Within this orbit, rich with friendship and work, cooks come to know each other all too well, and it wasn’t long before Julia showed her mettle. This shy, freckled girl swore like a sailor and cooked like a couple of grandmothers, reaching back to essential ingredients before they were gussied up. Ask her to make pot roast and she’d sigh, intoxicated from the beefy aroma, as if it was already on her fork. And she provided the soundtrack to those long hours we spent prepping before the doors opened. Annie Lenox, The Pretenders, Sinead, so loud, the lady next door complained. Goodbye NPR. Alchemy and curiosity made Julia a wonderful chef—like her freckles, she was born into her talent. So when she was certain that I had a very capable brigade, she went off to take the helm of another kitchen in San Francisco and we remained war buddies with plenty of scars and mangled joints for souvenirs.

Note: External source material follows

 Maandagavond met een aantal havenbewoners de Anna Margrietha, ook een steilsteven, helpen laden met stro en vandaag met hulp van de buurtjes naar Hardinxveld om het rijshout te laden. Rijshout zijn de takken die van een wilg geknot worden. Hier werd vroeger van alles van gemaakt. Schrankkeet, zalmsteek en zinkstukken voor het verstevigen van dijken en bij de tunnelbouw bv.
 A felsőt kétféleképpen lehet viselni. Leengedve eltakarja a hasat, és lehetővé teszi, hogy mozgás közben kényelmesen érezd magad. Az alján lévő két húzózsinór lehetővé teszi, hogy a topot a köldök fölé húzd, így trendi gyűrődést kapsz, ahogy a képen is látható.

The other day, I came home to find a humungous bag of lumpy, yellow quince on my porch. No note. No sorry I missed you. I reached and put one right up to my nose to sniff its lemon rose scent through a gray fuzzy coat. It didn’t take me two seconds to know who they were from. Like I said, we know each other all too well. A different fellow might have forgotten how crazy I am for this ancient fruit. Julia remembered.

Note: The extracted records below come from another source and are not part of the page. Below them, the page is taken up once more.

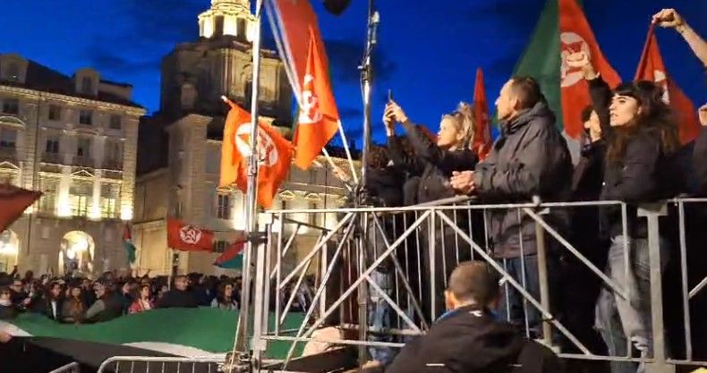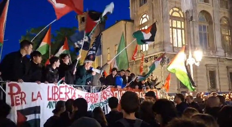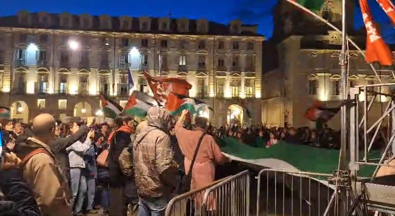 La tradizionale fiaccolata è partita da piazza Arbarello, il percorso seguirà via Pietro Micca, via Cernaia per poi concludersi in piazza Castello. Tensioni anche sotto il palco in piazza Castello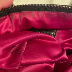 The bottom corners are in great condition. The interior overall looks good/ fair except there are some pen marks in one corner, and some rubs by the zipper. That all looks good. The handles where they connect to the purse body are damaged. The leather breaks there. It still will hold stuff but they break if you’re familiar with this or Michael Kors totes that happens to all of them.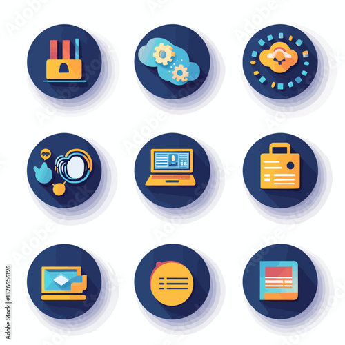 icon, technology, business, datum, cloud, networking, laptop, communication, software, application, cyberspace, database, digital, information, connection, online, network, system, development, design, modern, flat, illustration, graphic, vector, interface, symbol, set, tech, data transfer, synchronization, storage, device, information technology, blue, orange, white, abstract, circle, round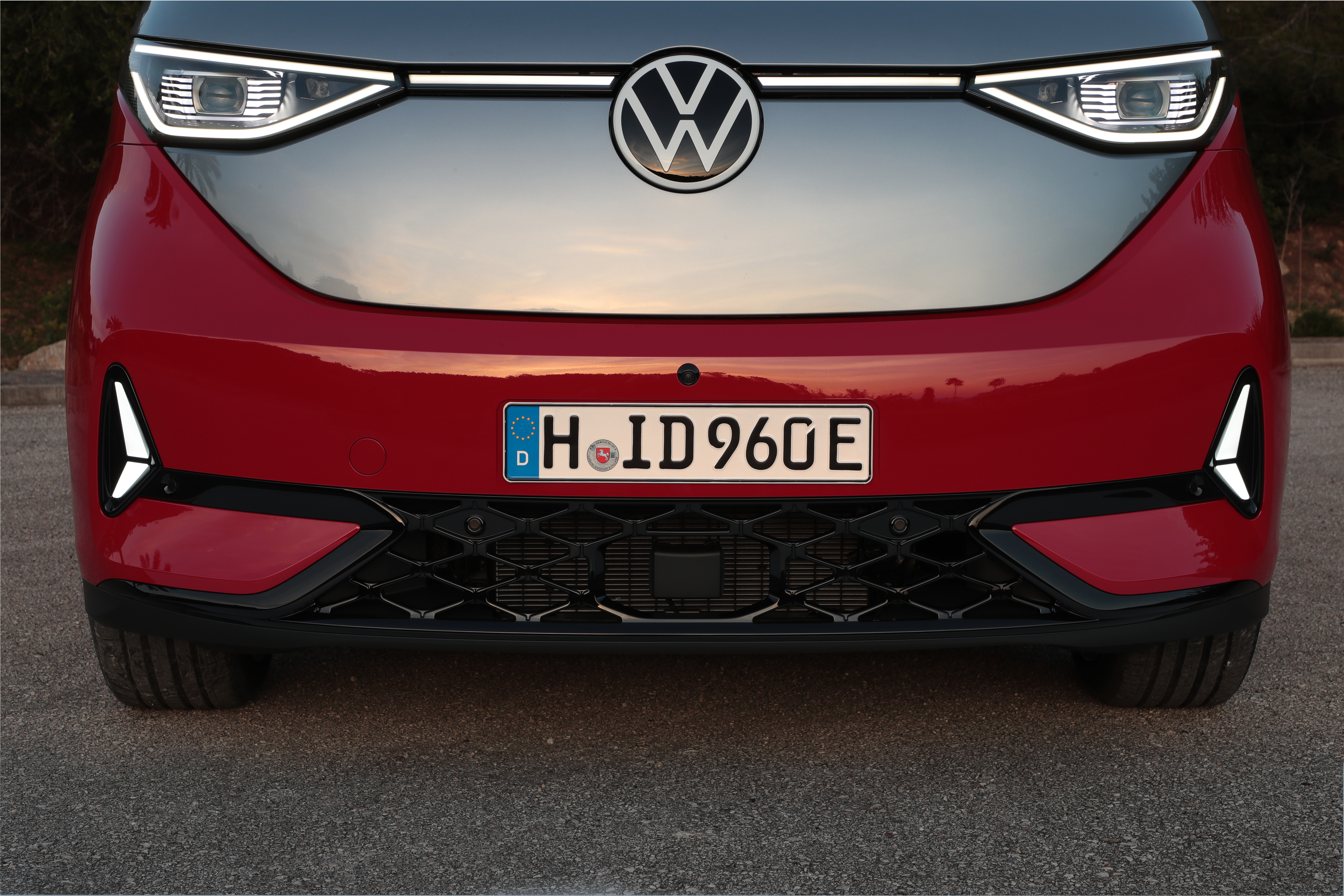 GTX exteriör. ID. Buzz GTX kännetecknas av en unik frontdesign. Stötfångaren i GTX-design med svart luftintagsgaller i bikakemönster och nya luftstyrningselement på sidorna ger bilen ett dynamiskt och distinkt utseende. Det nydesignade varselljuset är integrerat på sidorna av stötfångaren med två LED-trianglar ovanpå varandra i form av ett pilhuvud. Alla karossdetaljer som det nya luftintagsgallret, luftstyrningselementen, GTX-inskriptionen och ytterbackspegelkåporna är svarta i högblankt utförande. Dessutom ingår den nya 19-tums lättmetallfälgen Venlo i ID. Buzz GTX standardutrustning. Utbudet av GTX-fälgar kompletteras av två nya 21-tums lättmetallfälgar med beteckningarna Caracas (svart) och Townsville (svart med diamantslipad yta) och erbjuds som tillval. ID. Buzz GTX levereras med IQ.LIGHT LED-matrix strålkastare som standard.

I’m making this Quince Cranberry sauce to take to Thanksgiving dinner at my sister-in-law’s house. That is, if I don’t eat it all before then with yogurt and granola.

Quince Cranberry Sauce

8 medium size quinces, peeled, seeded, and cut into eighths
1 ½ cups sugar
2 Tablespoons honey
2 cups water
Zest and juice of 2 oranges
Zest and juice of 1 lemon
4-5 cardamom pods cracked
2 cups fresh cranberries

Peel and core the quince very carefully, removing any fibrous pieces. Save a tablespoon of seeds. They’re packed with pectin and will give your sauce a lovely honey consistency.
In a large saucepan, combine the sugar, honey, water, citrus juice and zest and bring to a simmer on medium heat. Wrap the crushed cardamom pods and a tablespoon of quince seeds in a piece of cheesecloth and place in the warm liquid.
Add the quince and place a piece of parchment paper with a 2 inch hole cut in the center on top to keep the fruit immersed and allow steam to escape. Simmer for an hour until the quince are tender and have begun to turn rosy.
Gently fold the cranberries with the poached quince and simmer on low heat another 45 minutes until thickened and glossy. Remove the spice pouch. Pour into jelly jars, seal, and keep refrigerated.